Raw data:
[Start of section]

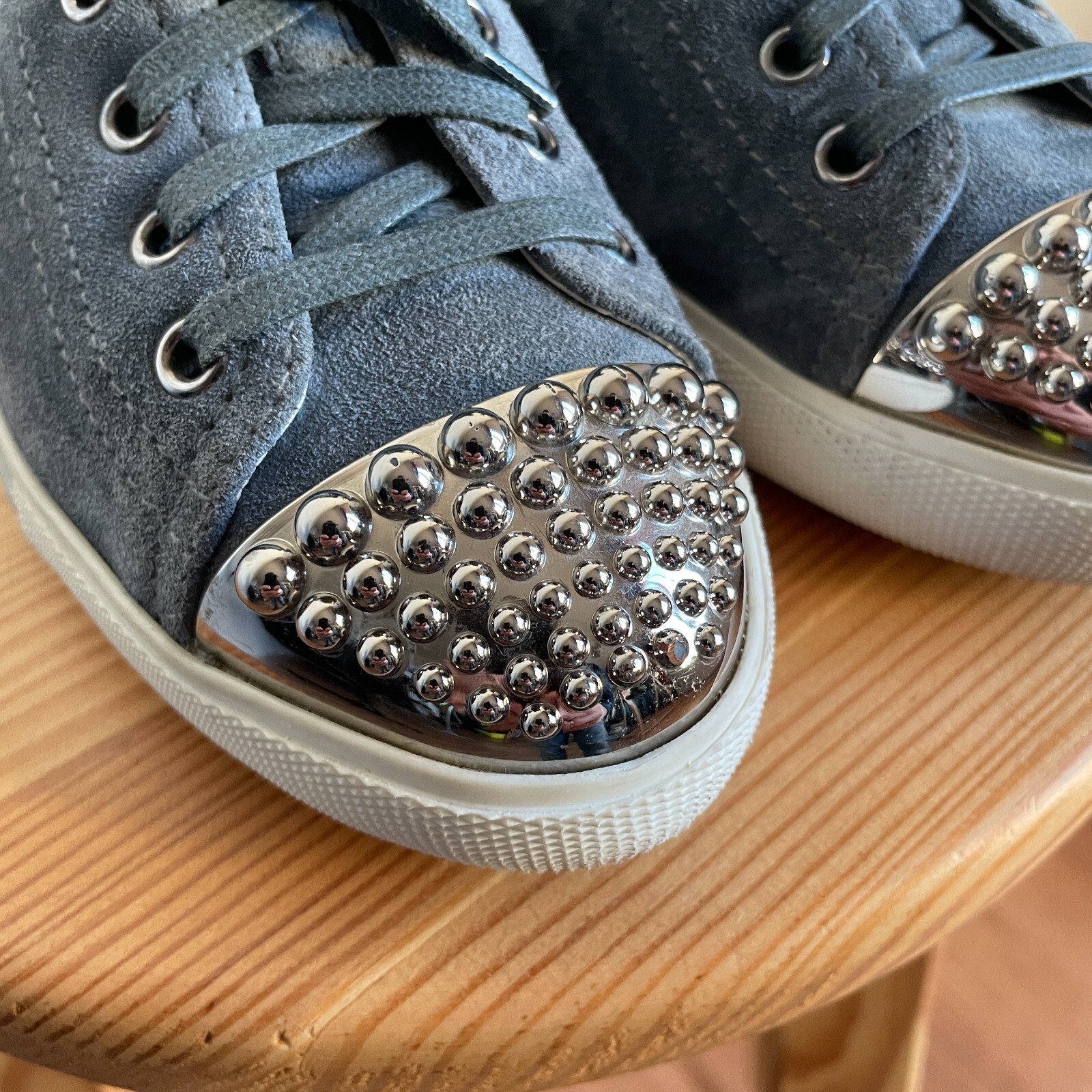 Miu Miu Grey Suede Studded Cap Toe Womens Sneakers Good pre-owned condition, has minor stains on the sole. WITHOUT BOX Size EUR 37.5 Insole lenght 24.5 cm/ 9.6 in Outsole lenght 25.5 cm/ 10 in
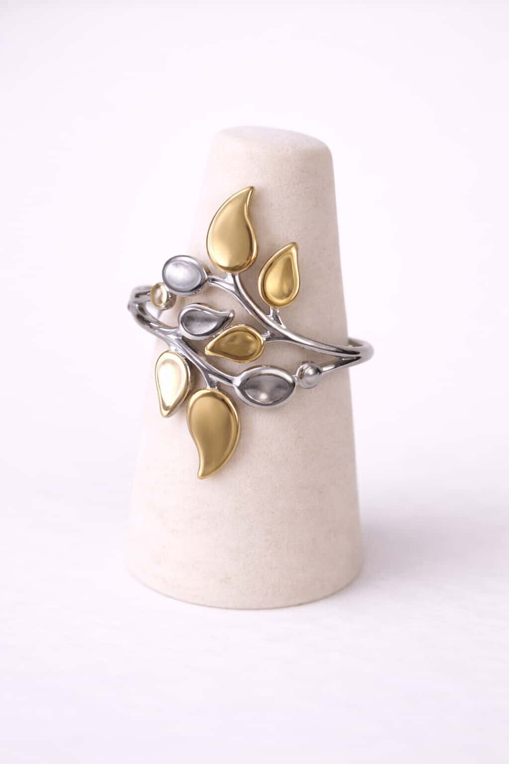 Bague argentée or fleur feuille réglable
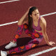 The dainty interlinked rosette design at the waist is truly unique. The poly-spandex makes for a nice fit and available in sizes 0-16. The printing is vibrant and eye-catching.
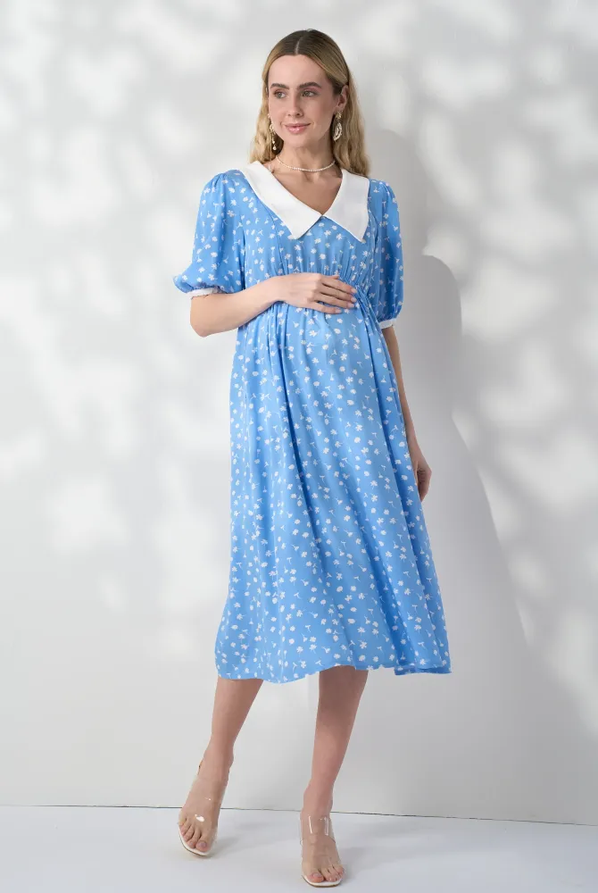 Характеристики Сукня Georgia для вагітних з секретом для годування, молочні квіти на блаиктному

[End of section]

Task requirements:
The material above is to be set down exactly, with pictures removed.

Written solution:
 Miu Miu Grey Suede Studded Cap Toe Womens Sneakers Good pre-owned condition, has minor stains on the sole. WITHOUT BOX Size EUR 37.5 Insole lenght 24.5 cm/ 9.6 in Outsole lenght 25.5 cm/ 10 in
 Bague argentée or fleur feuille réglable
 The dainty interlinked rosette design at the waist is truly unique. The poly-spandex makes for a nice fit and available in sizes 0-16. The printing is vibrant and eye-catching.
 Характеристики Сукня Georgia для вагітних з секретом для годування, молочні квіти на блаиктному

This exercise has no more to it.